*About this task*.
Every line from the one containing "黄瓜、肉、葱、姜、料酒、盐、生抽、鸡精" to the end of the records below must be copied exactly, and no pictures may be included.

*Exercise inputs*.
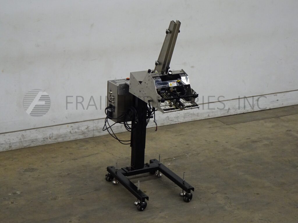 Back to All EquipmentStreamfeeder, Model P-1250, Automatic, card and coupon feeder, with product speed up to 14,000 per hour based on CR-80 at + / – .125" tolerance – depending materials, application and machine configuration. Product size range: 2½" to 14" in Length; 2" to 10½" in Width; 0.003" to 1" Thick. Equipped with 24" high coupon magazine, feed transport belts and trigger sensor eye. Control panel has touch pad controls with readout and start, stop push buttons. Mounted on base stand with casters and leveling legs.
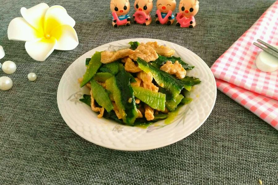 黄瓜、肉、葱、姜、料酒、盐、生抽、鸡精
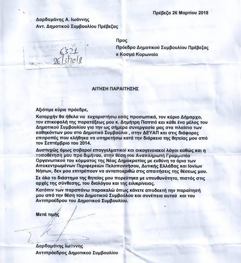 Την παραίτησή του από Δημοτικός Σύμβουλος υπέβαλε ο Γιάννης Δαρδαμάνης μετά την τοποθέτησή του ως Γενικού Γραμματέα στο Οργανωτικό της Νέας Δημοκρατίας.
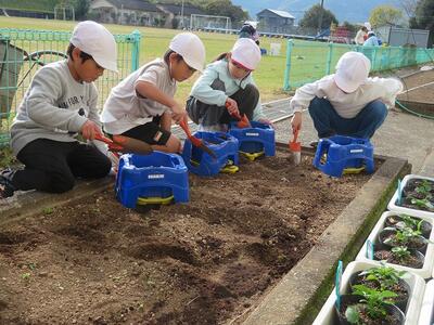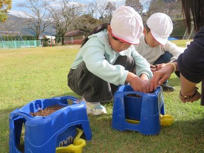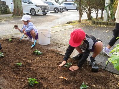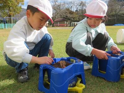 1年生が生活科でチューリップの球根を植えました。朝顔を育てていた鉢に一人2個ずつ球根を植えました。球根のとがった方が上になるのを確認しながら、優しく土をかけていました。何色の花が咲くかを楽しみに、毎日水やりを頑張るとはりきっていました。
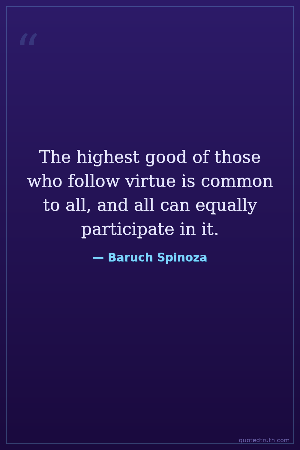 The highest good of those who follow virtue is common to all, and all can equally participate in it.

*Answer to this exercise*.
 黄瓜、肉、葱、姜、料酒、盐、生抽、鸡精
 Την παραίτησή του από Δημοτικός Σύμβουλος υπέβαλε ο Γιάννης Δαρδαμάνης μετά την τοποθέτησή του ως Γενικού Γραμματέα στο Οργανωτικό της Νέας Δημοκρατίας.
 1年生が生活科でチューリップの球根を植えました。朝顔を育てていた鉢に一人2個ずつ球根を植えました。球根のとがった方が上になるのを確認しながら、優しく土をかけていました。何色の花が咲くかを楽しみに、毎日水やりを頑張るとはりきっていました。
 The highest good of those who follow virtue is common to all, and all can equally participate in it.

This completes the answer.